At first nothing happens, but slowly—so slowly that it takes me a few seconds to realize what’s going on—the crystal in my hand starts to pulsate against my palm. A quick look shows me that the others’ crystals are doing the same thing, glowing brighter and brighter as they begin to vibrate in their hands.

I look to Macy, but she is so focused on the sky that she doesn’t so much as glance my way. I think that means she can’t see, so I start to lift my hand up, to show her what the crystal is doing, but a small, nearly imperceptible shake of her head has me freezing in place.

But as the crystals continue to vibrate, to glow brighter and burn hotter, Macy’s circular hand motions get bigger and bigger and bigger, until she seems to be encircling all of us with the gesture, wrapping her magic and her protection around the whole group of us even as she continues to channel energy from the sky.

All of a sudden, Macy gasps at the same time the crystal in my hand starts to burn superhot. I cry out, trying to hold on to it, but the heat gets more and more severe with each second that passes, until I have no choice but to open my fingers. For one second, two, the crystal lays flat against my palm and then it starts to rise, floating higher and higher above our heads until it floats into the athame’s path.

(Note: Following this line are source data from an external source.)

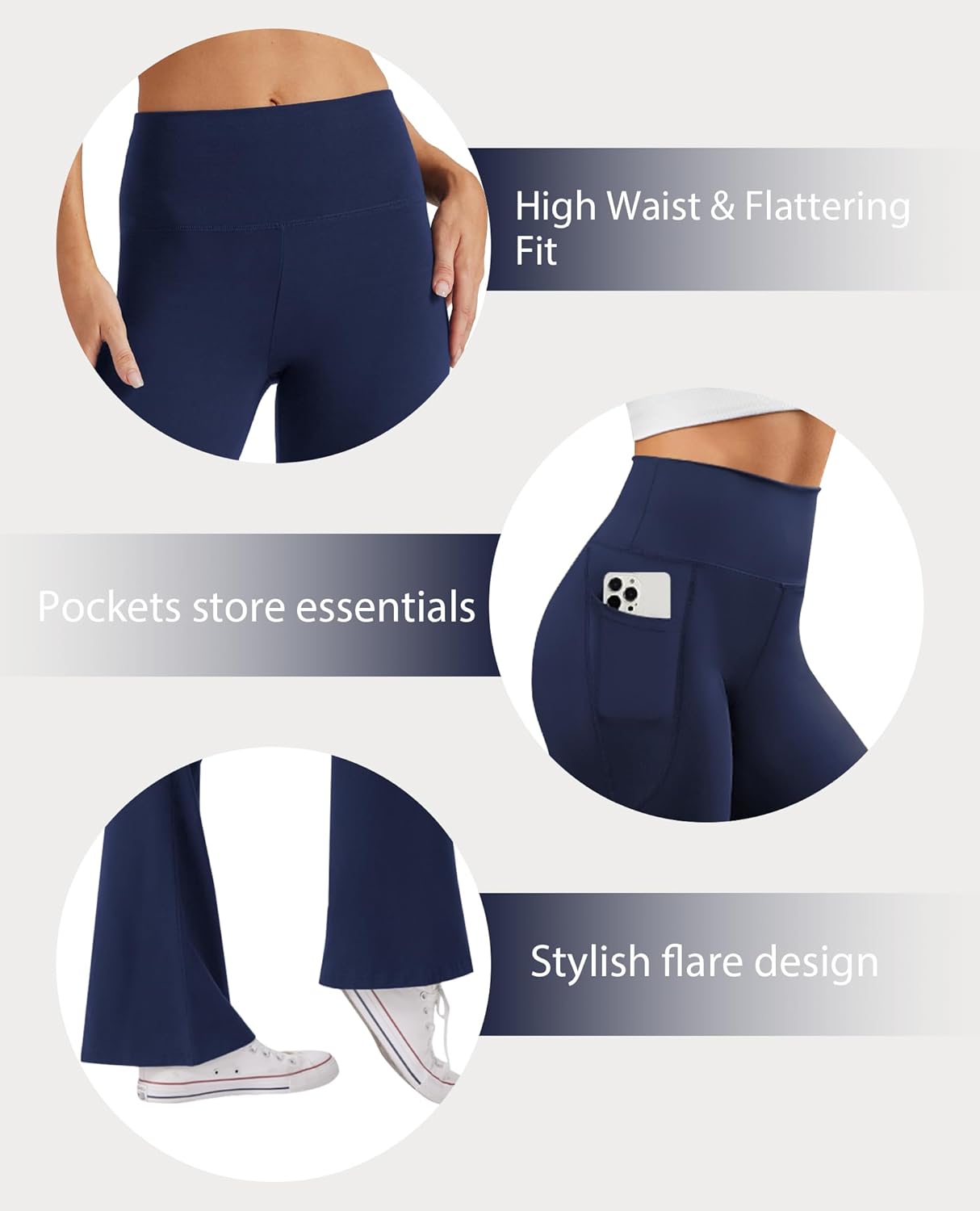 Premium Flare Yoga Pants with Pockets High Waist Casual Bell Bottom Bootcut Leggings.
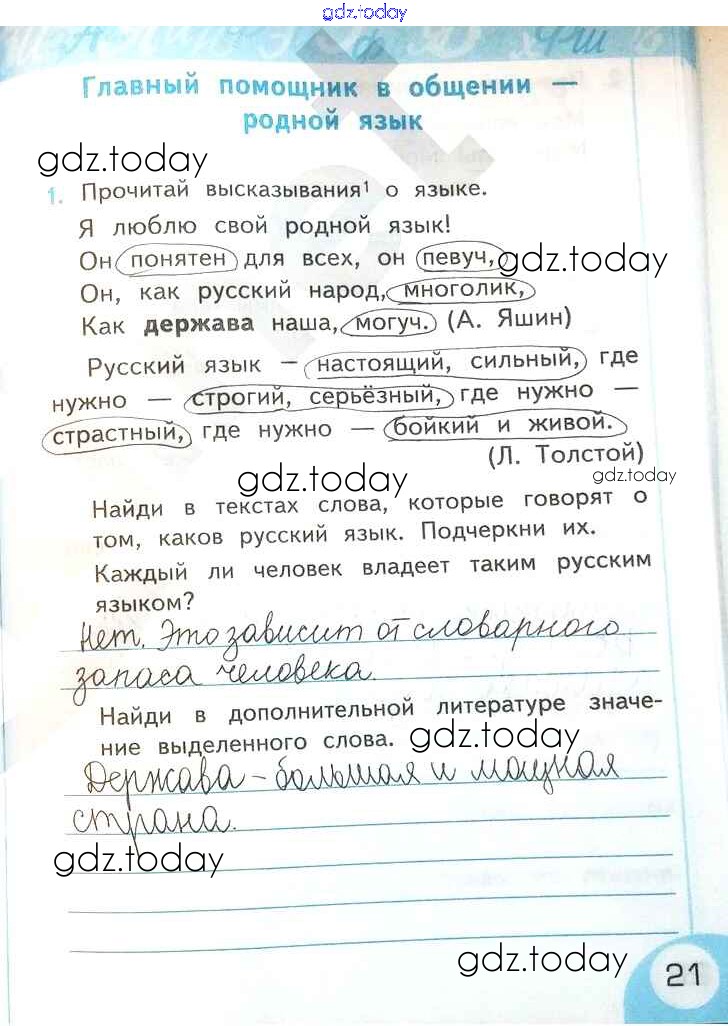 На страницах сайта gdz.today вы найдете учебный и вспомогательный материал, направленный на улучшения знаний школьной программы. ГДЗ - онлайн мир знаний Решение к части 1. Страницы 21 Рабочей тетради по Русскому языку для 2 класса Тихомирова Экзамен УМК 2019
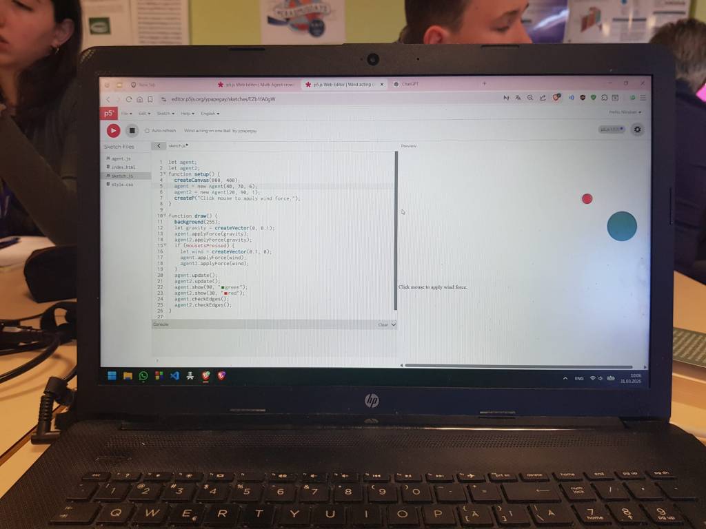 Marți dimineață ne-am îndreptat spre liceu, pentru a continua atelierul de multi-agent crowd simulations. Monsieur Yves Papegay ne-a predat cea de-a doua secțiune a atelierului, urmărind noțiuni interesante de intervenție a forțelor externe asupra obiectelor din simulare.
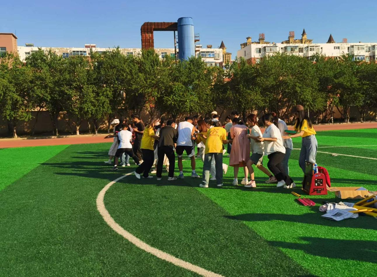 為強化學生積極體驗和積極行為,增強心理調適能力,激發(fā)內在成長動力,5月29日學生處心理教育咨詢中心以5.25心理健康活動月為契機,以“珍惜生命 擁抱青春”為導向,在南校區(qū)足球場開展百人心理素質拓展訓練活動?;顒佑尚睦斫逃稍冎行墓y鳳老師主持,李欣宇、朱穎慧老師參與此次活動。

The others’ crystals do the same thing until they line up between the athame and the sky in rainbow order. The second the last crystal slides into place, lightning shoots through the sky and slams straight into the crystals and through them into Macy’s athame.

I cry out at the sudden flash and heat of it, but Macy doesn’t so much as gasp. She just holds the athame steady even as the lightning links up to it and then shoots out, making a giant circle that wraps around us all.

Sand and water rise up around us, a sudden wind whipping them into a tornado until we’re surrounded on all sides by sand and water and wind and lightning—all four of the elements coming together through Macy.

She starts to shake, her entire body lighting up with the strength of the elements whipping through her. Soon her clothes are plastered to her body, her hair stands on end, and her very skin seems to be glowing from within. She reaches out to me then, grabs my hand, and I feel it, all of the energy from the elements—from the natural world around us—flowing from her into me.